## REQUIRED ACTION
Copying task for the records below: reproduce each one exactly and drop the pictures.

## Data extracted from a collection
= = =

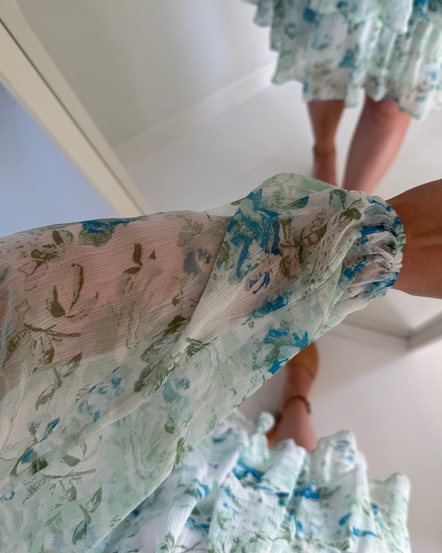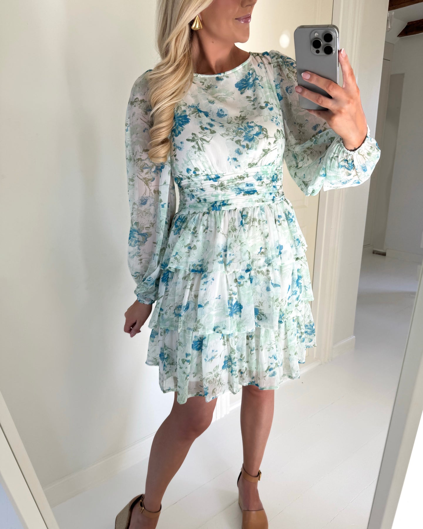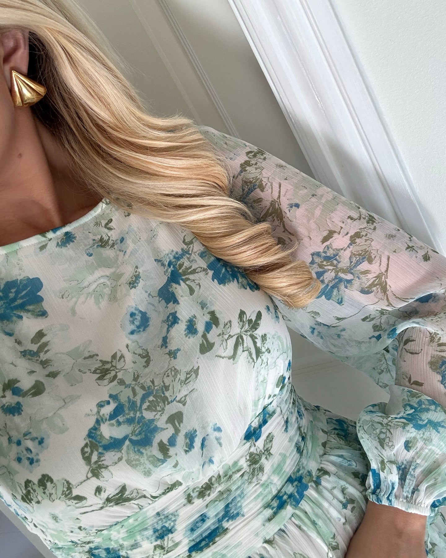 Skøn kjole i en fin hvid farve med lyseblå og grønt blomsterprint.
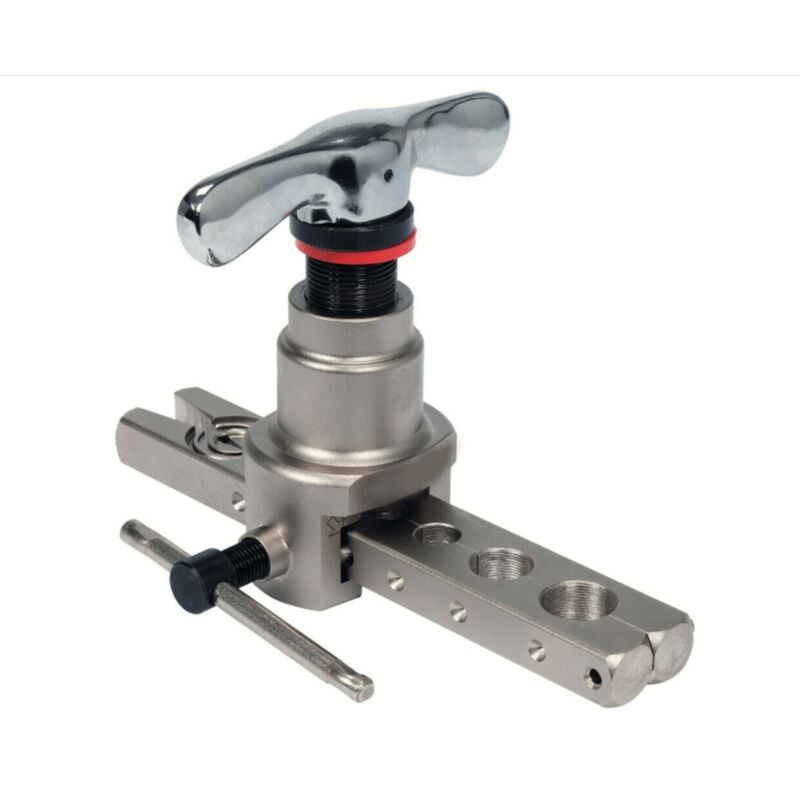 CARTELLATRICE TUBI RAME FLANGIATUBO UTENSILE SVASATORE 90° FRIZIONE 2 DIME 452to Cartellatrice per tubi, a frizione, angolo a 90°, in mm Ideale per l'espansione manuale di tubi e la realizzazione di flange di collegamento coniche a 90° Realizzata in acciaio forgiato di alta qualità Fornita con 2 dime Barra di serraggio e cono eccentrico di flangiatura in acciaio Forcella con perno di centratura e indicatore di posizione Utilizzabile su tubi di mm: 5, 6, 8, 10, 12, 16, 19 Per tubi in acciaio, metalli non ferrosi, alluminio, plastica
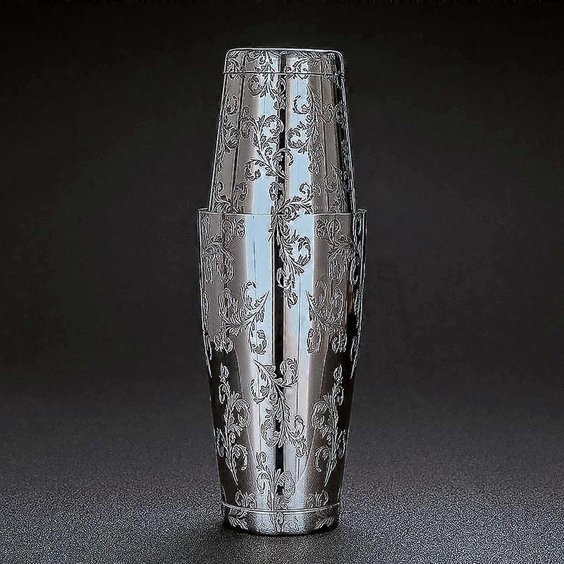 Set of stainless steel Boston Shakers with etched pattern and weighted shaker drums (sheet black)
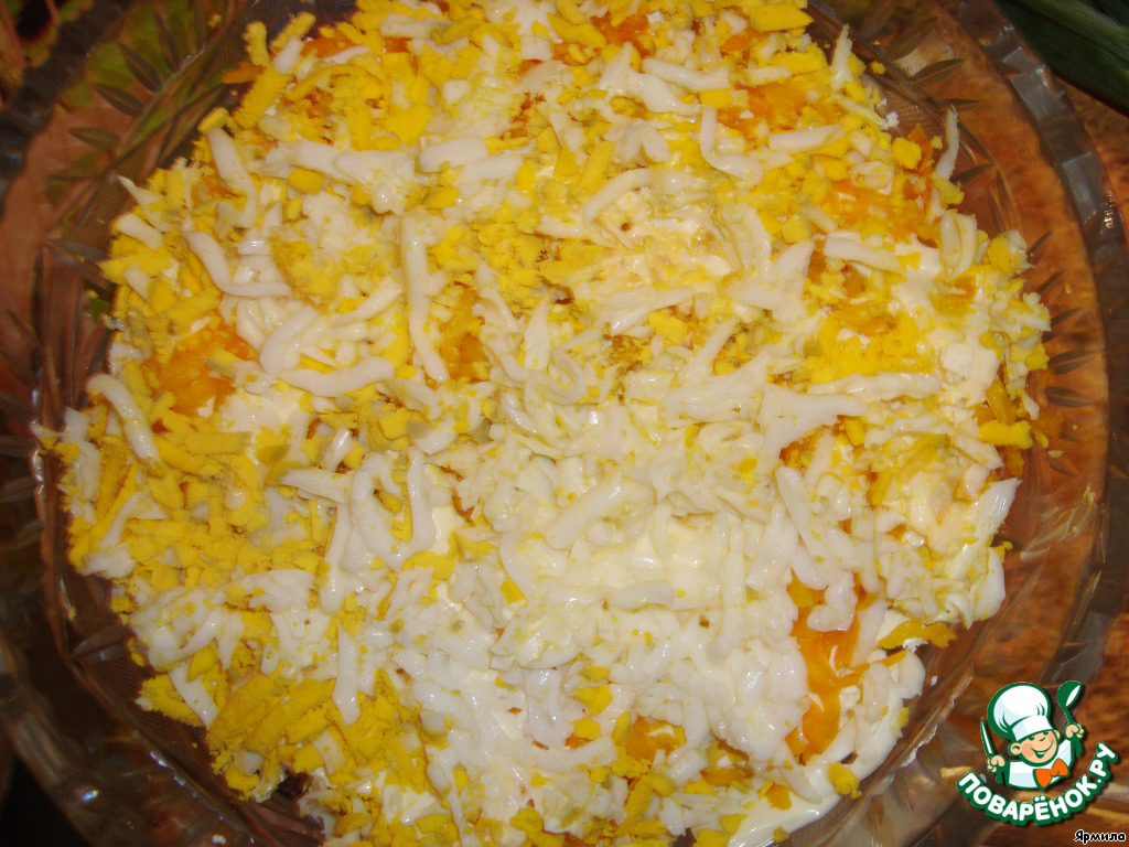 Следующим слоем трем вареную морковь, потом яйца и между слоями добавляем майонез.
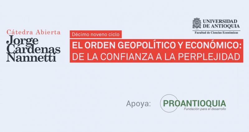 Este jueves, 8 de julio, a las 6:30 pm, en la Facultad de Artes de la Universidad de Antioquia, ubicada en el barrio Carlos E. Restrepo, será el lanzamiento de la Cátedra Jorge Cárdenas Nannetti, con el ciclo denominado El orden geopolítico y económico: de la confianza a la perplejidad. Entrada libre con inscripción previa aquí.
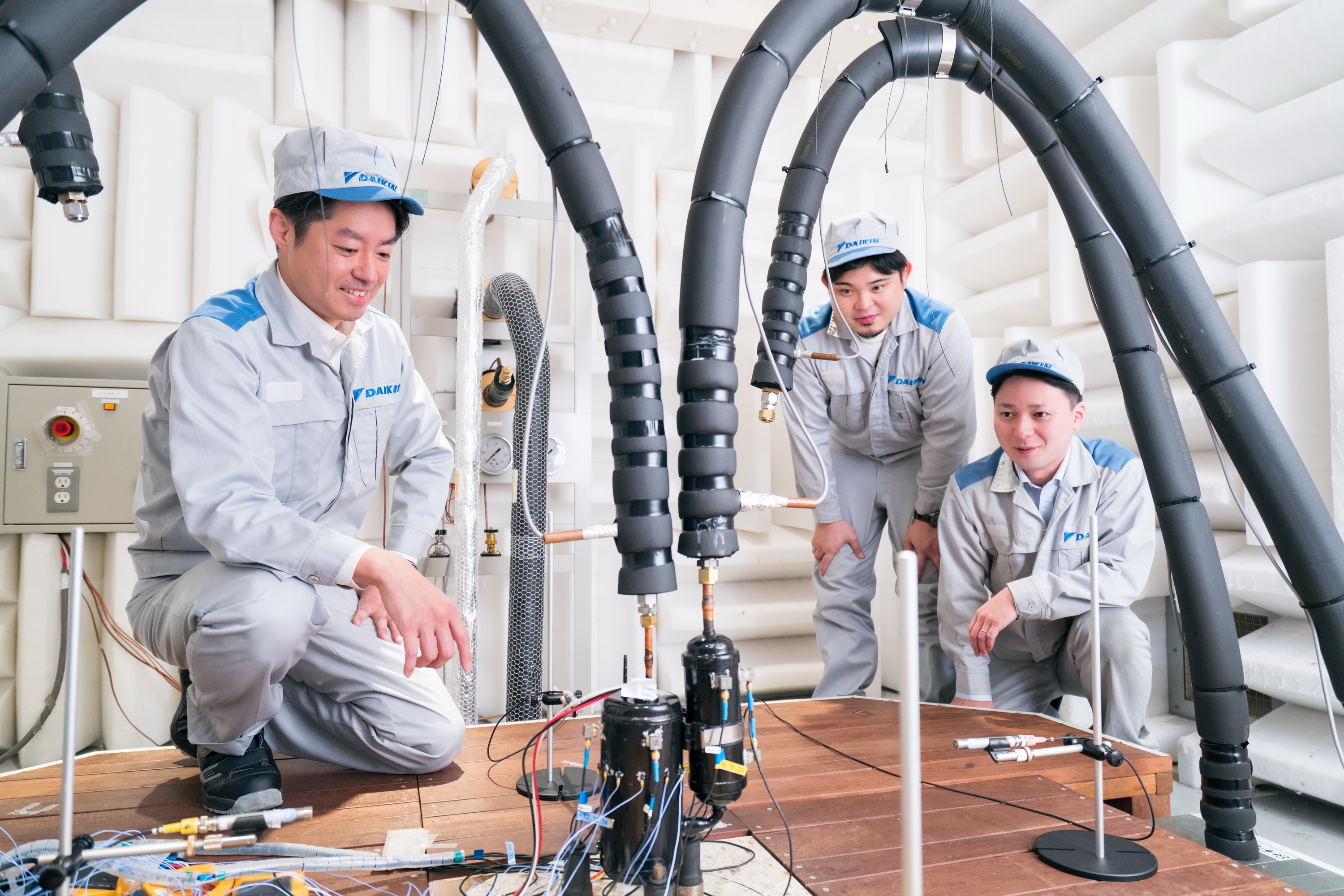 研究開発は、誰もがやったことのないことにチャレンジしなければならない仕事です。とても苦労することも多いと思います。しかし苦労するからこそ、他社とは異なる製品、差別化した製品を生み出せると思っています。ダイキンには、そういった新しい挑戦ができる環境があります。逆にチャレンジせずに、何もしないことのほうが社風的にはいけないという雰囲気があります。ですから私自身、何か壁にぶつかっても、楽しみながら開発できるように努めています。すると必ず誰かしら周囲の人が相談に乗ってくれたり、後押ししてくれたりします。難しいことに挑戦したい人は、ぜひ仲間になって欲しいですね。

= = =

## RESULT BELOW
 Skøn kjole i en fin hvid farve med lyseblå og grønt blomsterprint.
 CARTELLATRICE TUBI RAME FLANGIATUBO UTENSILE SVASATORE 90° FRIZIONE 2 DIME 452to Cartellatrice per tubi, a frizione, angolo a 90°, in mm Ideale per l'espansione manuale di tubi e la realizzazione di flange di collegamento coniche a 90° Realizzata in acciaio forgiato di alta qualità Fornita con 2 dime Barra di serraggio e cono eccentrico di flangiatura in acciaio Forcella con perno di centratura e indicatore di posizione Utilizzabile su tubi di mm: 5, 6, 8, 10, 12, 16, 19 Per tubi in acciaio, metalli non ferrosi, alluminio, plastica
 Set of stainless steel Boston Shakers with etched pattern and weighted shaker drums (sheet black)
 Следующим слоем трем вареную морковь, потом яйца и между слоями добавляем майонез.
 Este jueves, 8 de julio, a las 6:30 pm, en la Facultad de Artes de la Universidad de Antioquia, ubicada en el barrio Carlos E. Restrepo, será el lanzamiento de la Cátedra Jorge Cárdenas Nannetti, con el ciclo denominado El orden geopolítico y económico: de la confianza a la perplejidad. Entrada libre con inscripción previa aquí.
 研究開発は、誰もがやったことのないことにチャレンジしなければならない仕事です。とても苦労することも多いと思います。しかし苦労するからこそ、他社とは異なる製品、差別化した製品を生み出せると思っています。ダイキンには、そういった新しい挑戦ができる環境があります。逆にチャレンジせずに、何もしないことのほうが社風的にはいけないという雰囲気があります。ですから私自身、何か壁にぶつかっても、楽しみながら開発できるように努めています。すると必ず誰かしら周囲の人が相談に乗ってくれたり、後押ししてくれたりします。難しいことに挑戦したい人は、ぜひ仲間になって欲しいですね。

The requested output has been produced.